INGREDIENTS:
Gluten-Free Pie Crust:
- 1 package Breads from Anna Pie Crust Mix
- 1/4 cup milk or water (or non-dairy drink)
- 3/4 cup oil
- 1 egg, lightly beaten for brushing over crust (optional)
Filling:
- 6 cups blueberries, pears, apples, cherries or peaches
- 1/2 cup maple crystals or your favorite sweetener
- Juice of 1/2 of a lemon (optional)
- 1-4 heaping tablespoons cornstarch or arrowroot (the juicier the fruit the more cornstarch/arrowroot needed). For example, apple pie needs 1 tablespoon whereas a very juicy peach filling will need 4 tablespoons
- Dash of salt
Preheat oven to 350 degrees.
DIRECTIONS:
Gluten-Free Pie Crust:
- Combine wet ingredients (1/4 cup milk and 3/4 cup oil) into a large bowl.
- Add dry mix and gently stir until well combined. The crust will be oily but do not worry – this is how it should look.

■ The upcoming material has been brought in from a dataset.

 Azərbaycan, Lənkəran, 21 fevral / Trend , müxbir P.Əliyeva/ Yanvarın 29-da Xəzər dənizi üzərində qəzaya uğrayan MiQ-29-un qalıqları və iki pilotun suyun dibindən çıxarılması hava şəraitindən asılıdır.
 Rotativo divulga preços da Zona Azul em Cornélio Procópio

- Press bottom crust into standard 9-1/2 inch glass pie dish.
- Roll out top onto a cutting board between two pieces of wax paper.

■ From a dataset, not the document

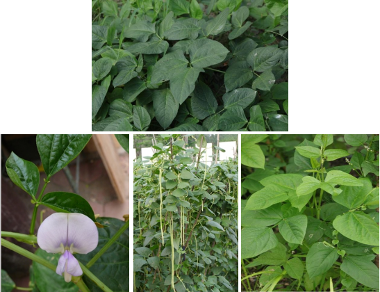 【识别要点】一年生缠绕草本,无毛。叶为三出复叶,顶生小叶菱状卵形,顶端急尖,托叶卵形,长约1cm,着生处下延成一短距。总状花序腋生;萼钟状,无毛;花冠淡紫色,花柱上部里面有淡黄色须毛。荚果线形,下垂,长可达40cm,一般只结两荚,荚果细长,因品种而异。花果期6-9月。茎有矮性、半蔓性和蔓性三种。

- Place crust top in the freezer for 15-20 minutes. Once the crust top is chilled it will allow you to remove the wax paper easily.
For the Filling:
- In a large bowl, combine all dry ingredients; sugar, cornstarch/arrowroot, salt. Whisk until well combined.
- Add to this the fruit (rinse and drain if using fresh) and stir into dry ingredients until well combined. If using fruit other than blueberries, remove the skin and cut into small, evenly sized pieces.

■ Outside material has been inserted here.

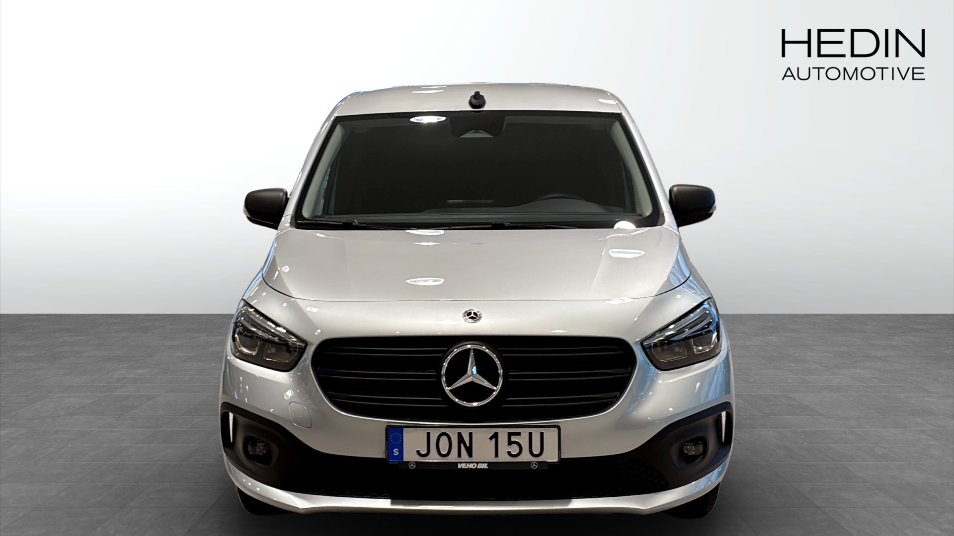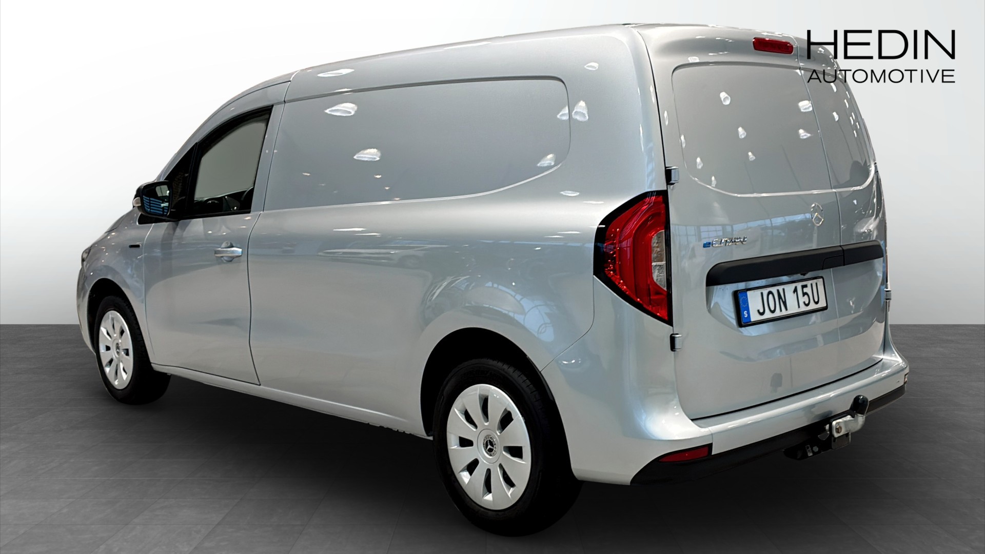 Mercedes-Benz eCitan L2 elskåpbil, årsmodell 2023, i vit lack och med endast ca 123 mil – en nästan ny eldriven transportbil klar för snabb leverans från Hedin Automotive Truck Center Helsingborg.

- Pour mixture into the pie shell.
- Remove wax paper from rolled out top crust and place on top of pie. Seal around the edges and cut small slits in the center to allow steam to escape.
- Brush lightly beaten egg all over the top crust.
Bake for 45-60 minutes or until bubbly and golden. After about 30 minutes check to make sure crust is not over browning; if it is, put foil or pie ring over darkest areas until finished baking.